Period of 20kHz is 1/20k or 50us.

So the difference in propagation delay between 6m and 0.3m is the propagation time through 5.7m, or just under 30ns.
30ns/50us is 0.00057, or 0.057% of a wavelength. One degree is 1/360=0.28% of a wavelength, so the difference in propagation delay through an extra 5.7m of cable is around 0.2 degrees. And of course relatively less at lower frequencies.
I don't have time to whip up a Matlab script that shows the effect of summing two identical 20kHz sine waves with a 0.2 degree offset, but needless to say it will be very small.
In a real system that will be down in the noise, and for a M/S setup you should not typically have the M and S signal at almost the same amplitude in both channels, so any combing will be even less if the signals are not identical amplitude.

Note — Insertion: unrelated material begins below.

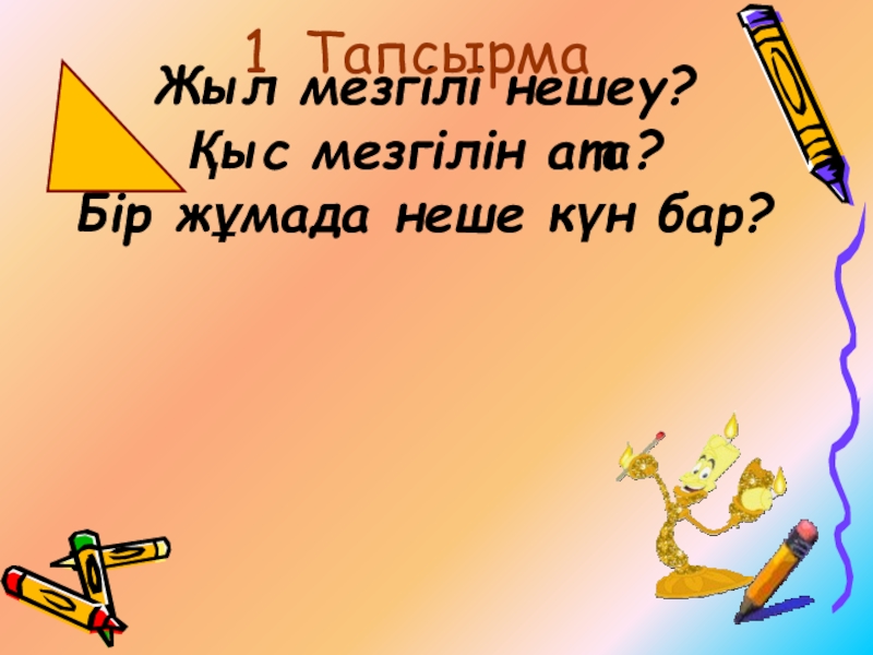 Слайд 4 Жыл мезгілі нешеу? Қыс мезгілін ата? Бір жұмада неше күн

A little bit long winded, but an example of how you can think through questions like this and get a little better understanding of when you should be concerned rather than just looking to someone to give you a yes/no answer.

o.k. sounds good except I wasn't asking the question or looking for a yes or no answer.

 

[ccaudle]

I wasn't asking the question or looking for a yes or no answer.

The original poster was, I just used your reply as an easy jumping point to respond to the original question.